WORK TO BE COMPLETED =
Copy all lines below exactly as written. Leave pictures out.

GIVEN INFORMATION =
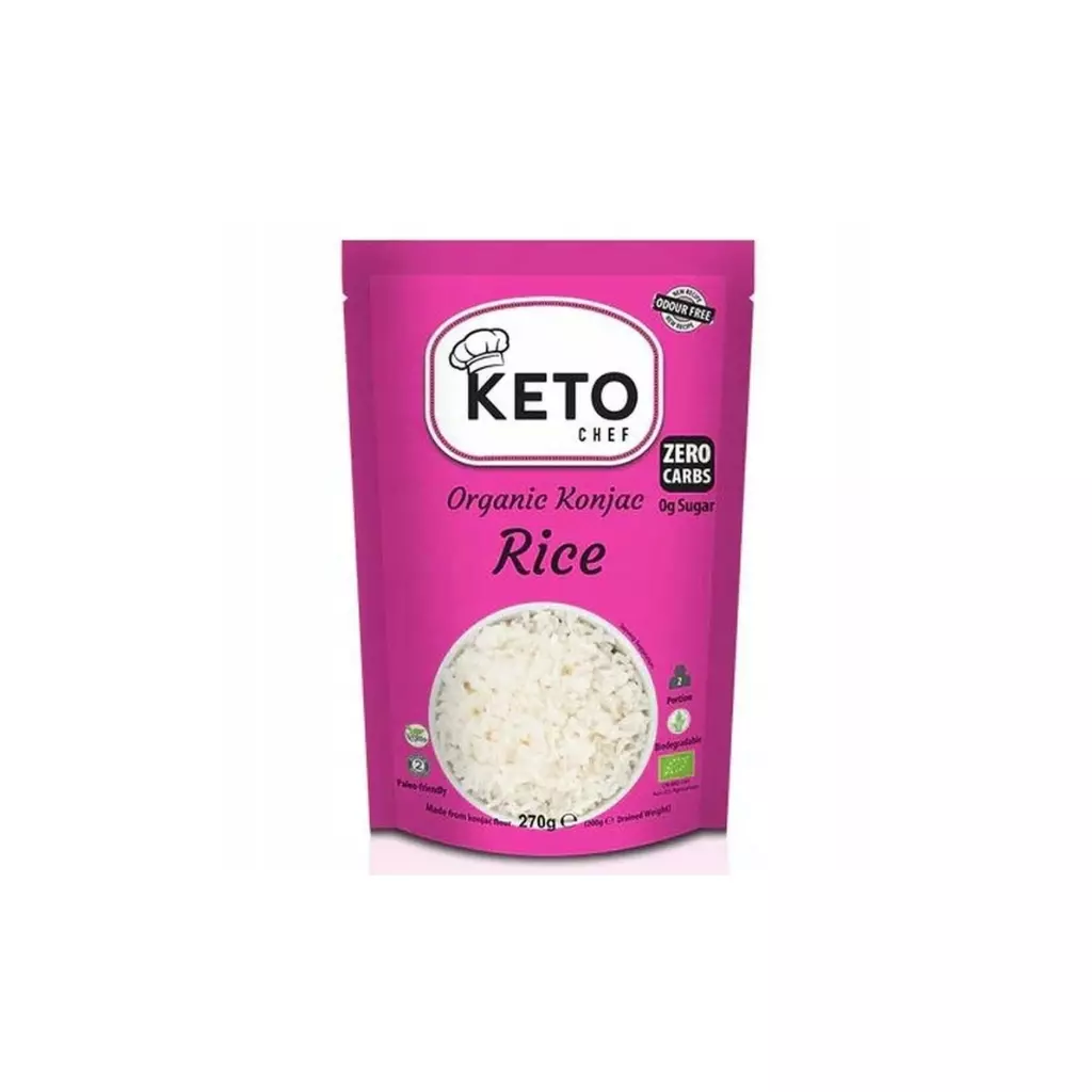 Keto Chef Konjac Rice BIO to ekologiczny ryż konjac w formie drobnych ziaren, stworzony jako idealny zamiennik tradycyjnego ryżu dla osób na diecie ketogenicznej, low carb, LCHF, redukcyjnej oraz bezglutenowej. Produkt jest praktycznie bez kalorii, bez cukru i bez węglowodanów netto, dzięki czemu pozwala jeść ulubione dania bez kompromisów dla ketozy i poziomu glukozy.
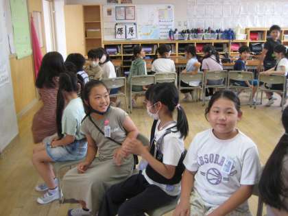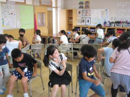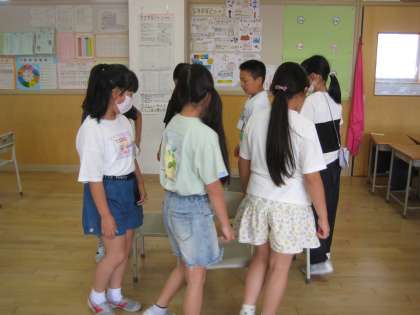 クラスのみんなで椅子取りゲームをしました。いつ曲が止まるのかどきどきしながら楽しみました。
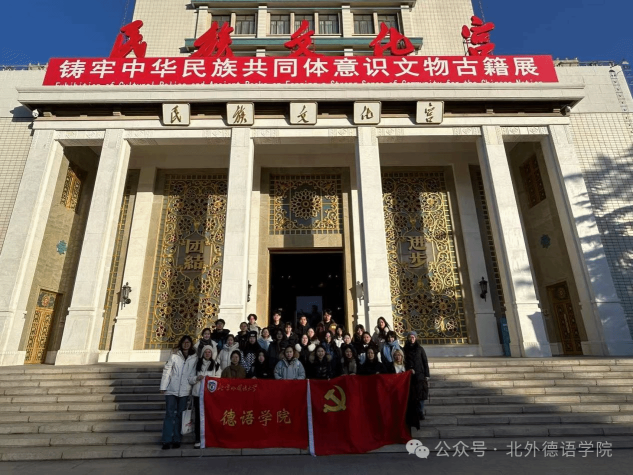 为着力构筑中华民族共有精神家园,以社会主义核心价值观为引领,深化爱国主义、集体主义、社会主义教育,引导我院各年级学生牢固树立正确的国家观、历史观、民族观、文化观、宗教观,2024年12月28日北外德语学院党总支组织学生党支部前往民族文化宫,开展“弘扬民族精神,铸牢中华民族共同体意识”主题党日活动。活动由德语学院辅导员郑修贤老师带队,来自本科生、研究生党支部的党员、预备党员和入党积极分子及2024级本硕团员代表共31人参与。

EXERCISE OUTPUT =
 Keto Chef Konjac Rice BIO to ekologiczny ryż konjac w formie drobnych ziaren, stworzony jako idealny zamiennik tradycyjnego ryżu dla osób na diecie ketogenicznej, low carb, LCHF, redukcyjnej oraz bezglutenowej. Produkt jest praktycznie bez kalorii, bez cukru i bez węglowodanów netto, dzięki czemu pozwala jeść ulubione dania bez kompromisów dla ketozy i poziomu glukozy.
 クラスのみんなで椅子取りゲームをしました。いつ曲が止まるのかどきどきしながら楽しみました。
 为着力构筑中华民族共有精神家园,以社会主义核心价值观为引领,深化爱国主义、集体主义、社会主义教育,引导我院各年级学生牢固树立正确的国家观、历史观、民族观、文化观、宗教观,2024年12月28日北外德语学院党总支组织学生党支部前往民族文化宫,开展“弘扬民族精神,铸牢中华民族共同体意识”主题党日活动。活动由德语学院辅导员郑修贤老师带队,来自本科生、研究生党支部的党员、预备党员和入党积极分子及2024级本硕团员代表共31人参与。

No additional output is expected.